Once you know exactly what’s wrong you can start looking for a solution.

Voyles says once a customer has finished airing their grievances it’s a good idea to briefly reiterate their feelings back to them to ensure you’re both on the same page. If you were attentive when they spoke and took succinct notes this might not be necessary, he says, but it can put the customer at ease because it shows them you were listening.

When you offer your first thoughts on a solution, it’s important to be descriptive, but also composed and professional, says Brian Mulshine, director of operations technology and innovation at Rush Enterprises. Defensively responding to an angry customer with more anger significantly reduces the likelihood for a quick resolution, and can have long-lasting consequences.

“You have to be professional.
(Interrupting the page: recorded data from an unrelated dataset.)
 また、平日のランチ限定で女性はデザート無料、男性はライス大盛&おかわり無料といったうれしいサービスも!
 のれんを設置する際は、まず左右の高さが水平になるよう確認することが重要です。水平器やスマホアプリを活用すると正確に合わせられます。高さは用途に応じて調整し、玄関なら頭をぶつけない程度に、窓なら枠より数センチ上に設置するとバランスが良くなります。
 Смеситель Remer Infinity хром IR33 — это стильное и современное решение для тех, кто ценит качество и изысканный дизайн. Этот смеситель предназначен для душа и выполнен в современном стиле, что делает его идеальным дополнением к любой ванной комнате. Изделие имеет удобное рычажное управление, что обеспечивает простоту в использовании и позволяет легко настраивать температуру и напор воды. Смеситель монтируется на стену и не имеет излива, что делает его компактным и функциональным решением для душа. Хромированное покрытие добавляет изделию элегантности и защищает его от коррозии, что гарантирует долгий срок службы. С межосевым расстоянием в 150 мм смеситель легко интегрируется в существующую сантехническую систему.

That is just so critical,” he says. “[In training] I always tell my people to lead with facts and evidence. Talk about what happened and what needs to be fixed. It’s not personal and shouldn’t be treated as such.”
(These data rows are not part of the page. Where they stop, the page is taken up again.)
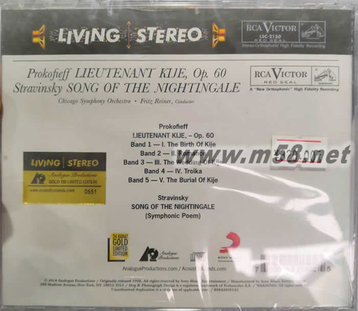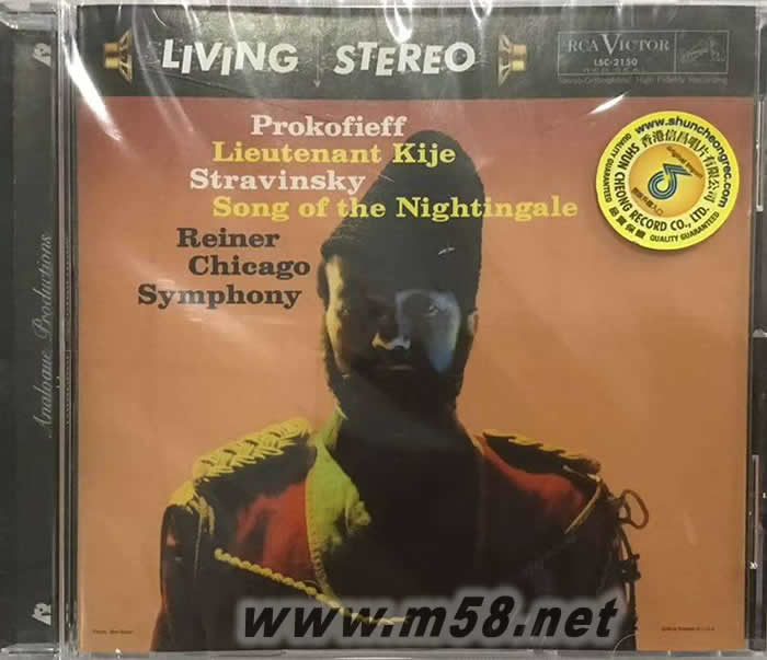 PROKOFIEFF: LIEUTENANT KIJE 普羅科菲夫:基日中尉 斯特拉文斯基:夜鶯之歌 SONG OF THE NIGHTINGALE 立體聲CD(m58.net) Prokofieff: Lieutenant Kije (基日中尉) TAS 40週年選出40張永遠最重要上榜天碟之一,地位非凡,靚聲爆燈之選。除了普羅高菲夫「基日中尉」及史特拉汶斯基「夜鶯之歌」外,更額外附上由萊納指揮芝加哥交響樂團演出之施特勞斯「查拉圖斯如是說」,2 Original LPs on 1 CD、Original Cover Art and Liner Notes、Newly Remastered in 24-Bit,兩張作品,單碟推出。
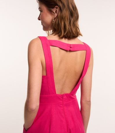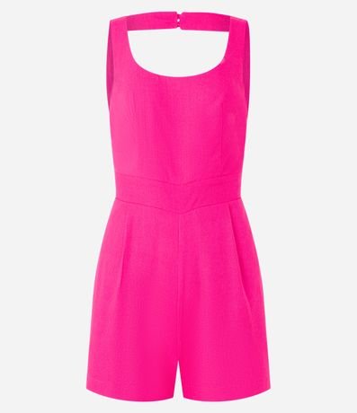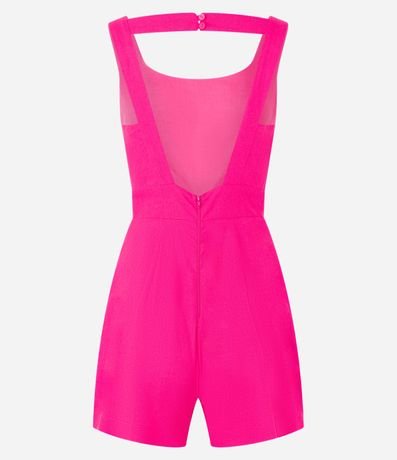 Ref: Macaquinho curto com alças largas, fechamento nas costas por zíper e botões no pescoço. Costas abertas e sem estampa.
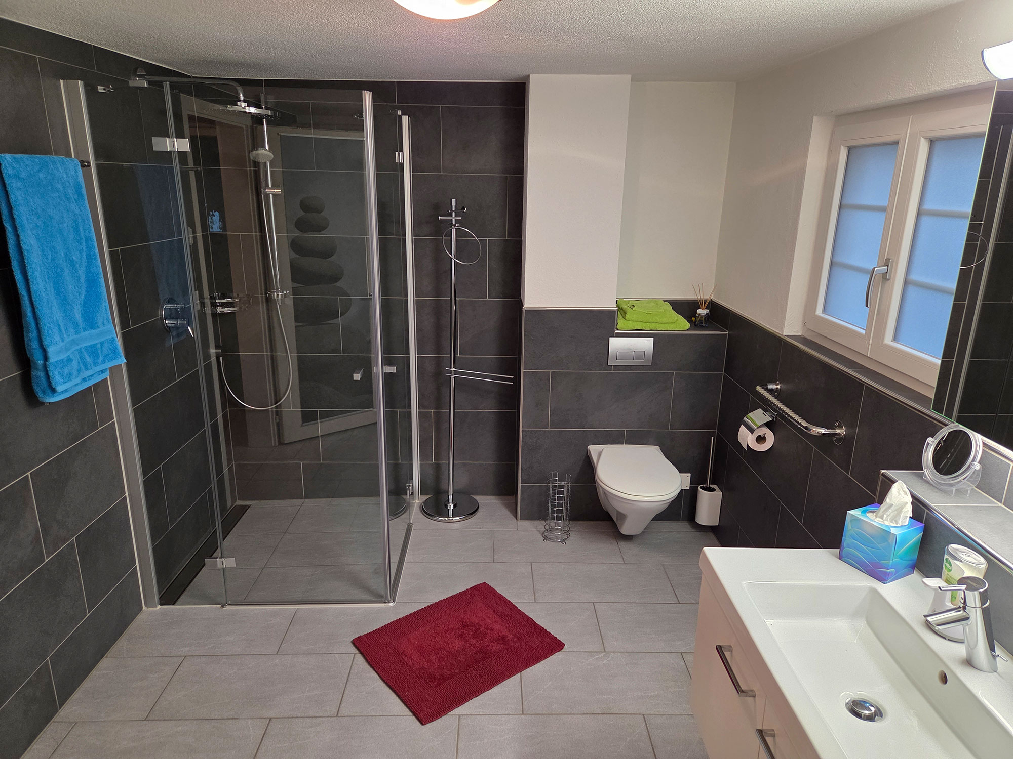 Das Badezimmer ist mit einer Bodenheizung ausgestattet. Bitte schalten Sie diese bei Nichtgebrauch und beim Verlassen der Wohnung aus.
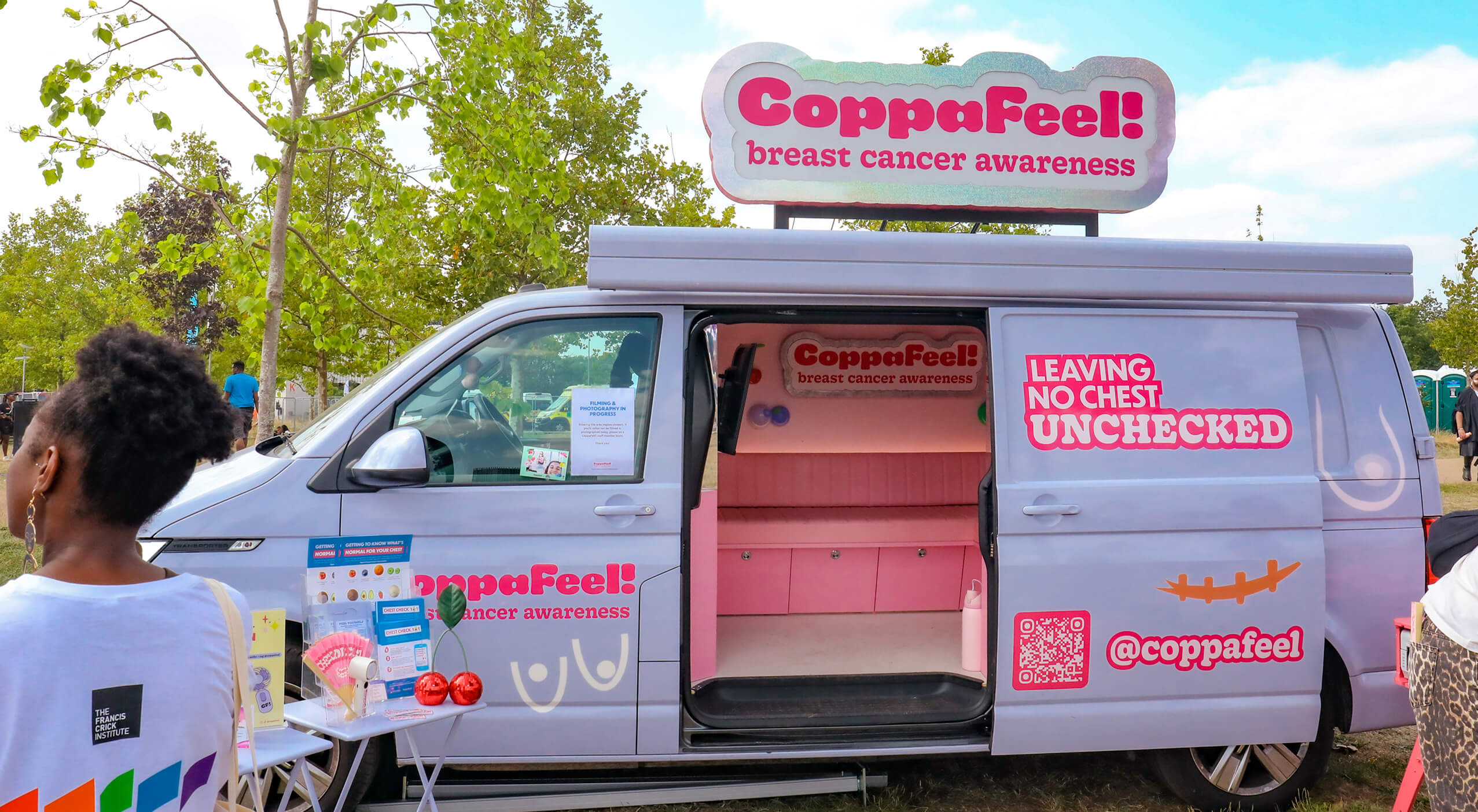 Alongside the campaign content, we designed a new wrap for CoppaFeel!’s outreach van. This was a key part of their in-person activity at events, school visits and the charity’s annual festival.

You also need to be fair. Downplaying a customer’s problem and/or your impact on said problem will get you nowhere.

This is why it’s so important to let a customer speak first, says Voyles. It allows you to hear everything they have to say so you can formulate a response that best fits their needs.

“Most situations are resolved by listening and understanding, then responding as necessary,” says Calhoun.

It’s also important to be willing to compromise. A customer who has lost freight business due to a mistake in your facility likely expects to be compensated for their downtime. You have to be prepared for that, and be willing to accept that demand.

But you shouldn’t feel obligated to refund a customer’s money after every complaint. As mentioned above, not every complaining customer is looking for a discount on their bill. Others want you to know they were disappointed with their service, or felt your operation handled their business poorly.

Calhoun says those complaints are invaluable, because they give your business a chance to get better.

“I’m the absolute worst kind of customer because when something goes bad for me I’m going to pay my bill quietly, and make a note of where I just left because it will never, ever happen again,” he says. “I will never go back.

“So anytime a complaint is escalated to me I always tell the customer ‘Thank you. Thank you for voicing your concern, and letting us know where we can improve.’”

Adds Williams; “A lot of times it’s not about the money. A lot of times the most important piece [of a solution] is ‘What are you going to do to keep this from happening again?’”

And when both sides finally agree to a solution, write it down. This gives both sides a step-by-step timeline for resolution and minimizes the risk of an angry flare up before the job is done.

“Think about any relationship you have with a customer, and how much smoother it is with transparency and accountability,” says Michael Riemer, vice president of products and channel marketing at Decisiv. “You build trust [with customers] when you’re transparent about what you’re going to do.”